*** Data section ***

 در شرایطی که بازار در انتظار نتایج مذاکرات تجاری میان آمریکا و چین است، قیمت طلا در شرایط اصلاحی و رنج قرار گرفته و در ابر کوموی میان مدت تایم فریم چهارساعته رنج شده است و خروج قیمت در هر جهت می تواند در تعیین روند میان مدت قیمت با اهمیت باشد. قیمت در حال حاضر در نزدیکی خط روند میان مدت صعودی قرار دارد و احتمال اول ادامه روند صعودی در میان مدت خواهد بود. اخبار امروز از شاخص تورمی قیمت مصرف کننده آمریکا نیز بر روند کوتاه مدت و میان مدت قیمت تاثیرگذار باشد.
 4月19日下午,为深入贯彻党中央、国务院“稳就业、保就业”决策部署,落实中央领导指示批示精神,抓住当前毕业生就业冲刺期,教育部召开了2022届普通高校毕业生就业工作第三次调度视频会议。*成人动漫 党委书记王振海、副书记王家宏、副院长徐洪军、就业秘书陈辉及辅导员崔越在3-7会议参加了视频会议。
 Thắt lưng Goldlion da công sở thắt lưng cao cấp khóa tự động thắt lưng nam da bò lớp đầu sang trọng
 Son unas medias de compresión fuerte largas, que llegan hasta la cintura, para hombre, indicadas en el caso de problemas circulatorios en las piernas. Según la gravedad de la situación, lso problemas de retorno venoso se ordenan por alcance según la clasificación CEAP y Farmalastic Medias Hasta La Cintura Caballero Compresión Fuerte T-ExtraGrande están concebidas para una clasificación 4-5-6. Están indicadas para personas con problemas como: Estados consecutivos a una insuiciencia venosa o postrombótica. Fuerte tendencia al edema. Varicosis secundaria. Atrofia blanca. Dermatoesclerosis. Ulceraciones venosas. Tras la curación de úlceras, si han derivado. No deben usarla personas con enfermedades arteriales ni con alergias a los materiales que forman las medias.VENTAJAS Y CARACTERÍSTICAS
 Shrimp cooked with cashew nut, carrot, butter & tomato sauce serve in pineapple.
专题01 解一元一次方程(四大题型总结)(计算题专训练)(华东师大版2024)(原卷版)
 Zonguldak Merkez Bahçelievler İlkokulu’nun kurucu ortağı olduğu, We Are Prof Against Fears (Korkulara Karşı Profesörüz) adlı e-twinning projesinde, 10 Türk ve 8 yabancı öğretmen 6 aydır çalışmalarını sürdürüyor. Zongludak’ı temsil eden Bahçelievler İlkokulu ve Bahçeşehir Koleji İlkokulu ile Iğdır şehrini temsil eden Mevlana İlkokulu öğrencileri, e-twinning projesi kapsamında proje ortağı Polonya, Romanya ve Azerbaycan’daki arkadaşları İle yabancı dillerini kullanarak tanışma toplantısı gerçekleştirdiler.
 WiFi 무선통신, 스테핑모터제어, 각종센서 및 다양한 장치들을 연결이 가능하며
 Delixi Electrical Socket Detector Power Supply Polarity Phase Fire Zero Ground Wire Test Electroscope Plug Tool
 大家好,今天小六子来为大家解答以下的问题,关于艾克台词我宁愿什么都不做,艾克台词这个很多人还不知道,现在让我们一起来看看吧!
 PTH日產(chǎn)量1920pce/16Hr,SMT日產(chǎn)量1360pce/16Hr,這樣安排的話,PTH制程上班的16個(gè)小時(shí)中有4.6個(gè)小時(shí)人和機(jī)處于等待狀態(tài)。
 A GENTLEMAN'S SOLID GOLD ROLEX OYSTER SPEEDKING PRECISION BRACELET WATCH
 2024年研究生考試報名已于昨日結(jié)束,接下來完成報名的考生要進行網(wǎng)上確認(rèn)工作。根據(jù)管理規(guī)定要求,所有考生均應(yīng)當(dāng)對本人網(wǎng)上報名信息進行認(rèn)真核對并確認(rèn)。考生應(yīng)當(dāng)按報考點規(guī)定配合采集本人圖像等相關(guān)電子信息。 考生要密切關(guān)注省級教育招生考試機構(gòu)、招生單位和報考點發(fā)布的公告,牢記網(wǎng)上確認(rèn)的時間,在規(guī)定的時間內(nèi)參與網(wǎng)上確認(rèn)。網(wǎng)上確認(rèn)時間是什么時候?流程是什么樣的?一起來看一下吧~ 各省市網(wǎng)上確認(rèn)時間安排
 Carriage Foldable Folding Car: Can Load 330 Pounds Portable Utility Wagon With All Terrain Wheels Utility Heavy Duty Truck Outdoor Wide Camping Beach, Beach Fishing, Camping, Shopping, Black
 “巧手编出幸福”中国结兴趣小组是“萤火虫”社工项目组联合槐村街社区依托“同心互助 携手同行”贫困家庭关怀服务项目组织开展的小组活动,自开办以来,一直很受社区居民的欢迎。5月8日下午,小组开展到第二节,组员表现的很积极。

***

What to produce ▸
Once you reach the line with "Shrimp cooked with" in the data above, copy it and every line after it exactly, up to and including the line with "WiFi 무선통신, 스테핑모터제어, 각종센서 및 다양한 장치들을 연결이 가능하며".

Solution ▸
 Shrimp cooked with cashew nut, carrot, butter & tomato sauce serve in pineapple.
专题01 解一元一次方程(四大题型总结)(计算题专训练)(华东师大版2024)(原卷版)
 Zonguldak Merkez Bahçelievler İlkokulu’nun kurucu ortağı olduğu, We Are Prof Against Fears (Korkulara Karşı Profesörüz) adlı e-twinning projesinde, 10 Türk ve 8 yabancı öğretmen 6 aydır çalışmalarını sürdürüyor. Zongludak’ı temsil eden Bahçelievler İlkokulu ve Bahçeşehir Koleji İlkokulu ile Iğdır şehrini temsil eden Mevlana İlkokulu öğrencileri, e-twinning projesi kapsamında proje ortağı Polonya, Romanya ve Azerbaycan’daki arkadaşları İle yabancı dillerini kullanarak tanışma toplantısı gerçekleştirdiler.
 WiFi 무선통신, 스테핑모터제어, 각종센서 및 다양한 장치들을 연결이 가능하며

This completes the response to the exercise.